なお,少数ではありますが,「被災農家に対する機械等のリース事業・機械化銀行」を望む意見(3件),「復興の費用対効果を考慮して被災農地の農業以外の利用も含めた幅広い検討」を求める意見(2件)等もありました。
また,「TPP問題」に対する意見も20件あり,その内容は,「TPP反対・不安」が13件,「TPPに関する情報提供・戦略提示」が7件でした。
農業者戸別所得補償制度
問15 今年度は「農業者戸別所得補償制度」の交付金交付申請を行いましたか。
「申請した」が84.3%と多かったですが,昨年度に実施した「戸別所得補償モデル対策・水田経営所得安定対策の影響及び効果等に関するアンケート調査」では,昨年度に戸別所得補償モデル対策に申請した経営体は602件中566件(98.6%)であり,これと比較すると若干申請率は低い結果でした。

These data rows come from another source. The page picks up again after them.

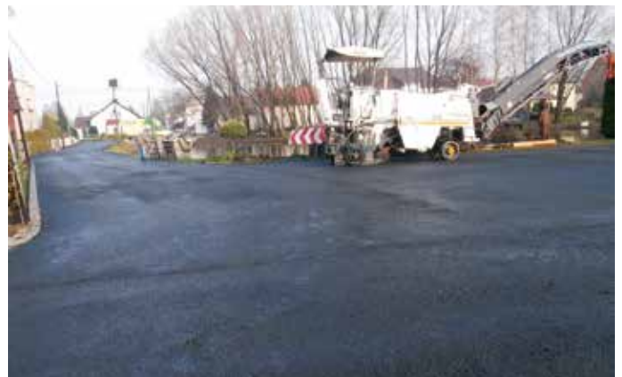
Remont ulicy Wodnej w Dziergowicach
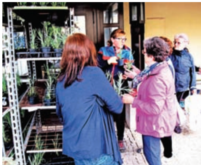
Občani so prejeli brezplačne sadike nageljnov.

V Dvorjah, v bližini gradu Strmol, že več let cvetijo gorenjski nageljni. Nageljni se radi nastavljajo soncu, pravi Albina Atlija, zato so zanje najprimernejša okna in balkon z leseno ograjo na vzhodni strani hiše, kjer so zaščiteni tudi pred dežjem. Goji jih že pet let. Najlepše cvetijo pri dvajsetih stopinjah
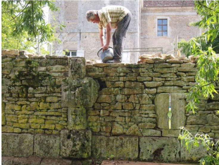
Cliché 9 – Maçonnerie de l'arase de la partie supérieure de la courtine.
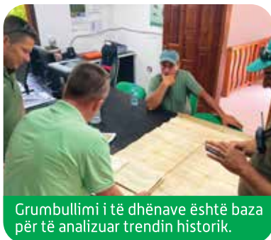
Grumbullimi i të dhënave është baza për të analizuar trendin historik.

Projekti aplikon modelin e MBE që duhet të bazohet në informacionin shkencor/ të dhënat e marra nga monitorimi i të gjitha aspekteve në parkun kombëtar Divjakë-Karavasta, si dhe ciklin PDCA mbi çështjet e nxjerra dhe, rishikimin e planit të menaxhimit në kohë. Grupet tematike të punës përfshihen në këtë proces praktikisht për të zbatuar masat të caktuara nga KM.
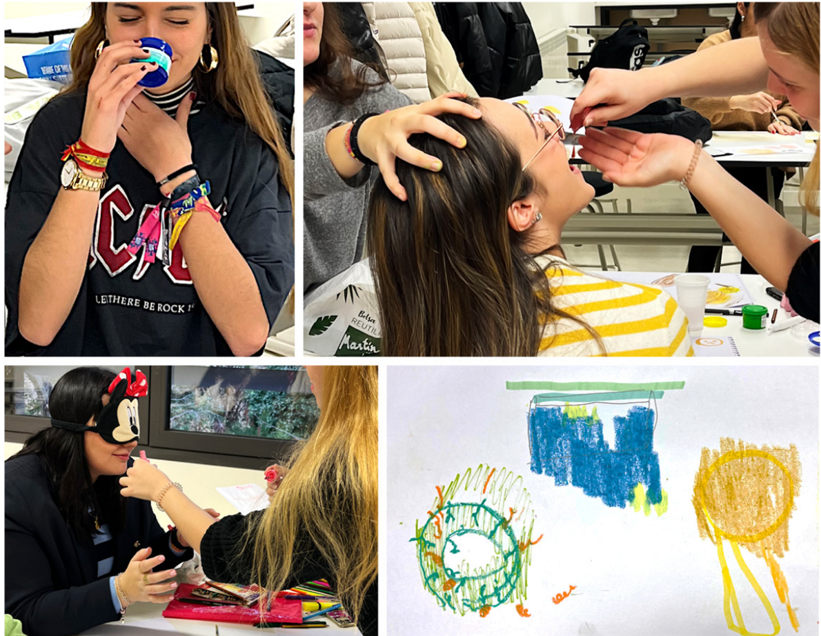
Fig. 1, Experiencia "negar la vista" a favor del olfato y el gusto, 2022, colección autores
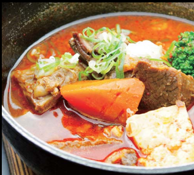
やわらか道産牛のピリ辛煮込み 通常価格 780円 ▶ 20%OFF!! 624円
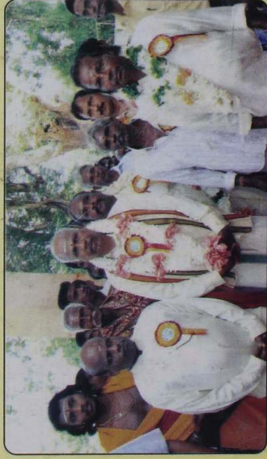
நெடுங்கேணி பிரதேச கலை இலக்கிய விழாவில்

問16 「農業者戸別所得補償制度」の交付申請した内容は何ですか。
「米の所得補償交付金」を申請している経営体が94.4%とほとんどで,「水田活用の所得補償交付金」は25.3%,「畑作物の所得補償交付金(数量払)」23.4%,「畑作物の所得補償交付金(営農持続支払)」18.1%,「規模拡大加算」6.6%でした。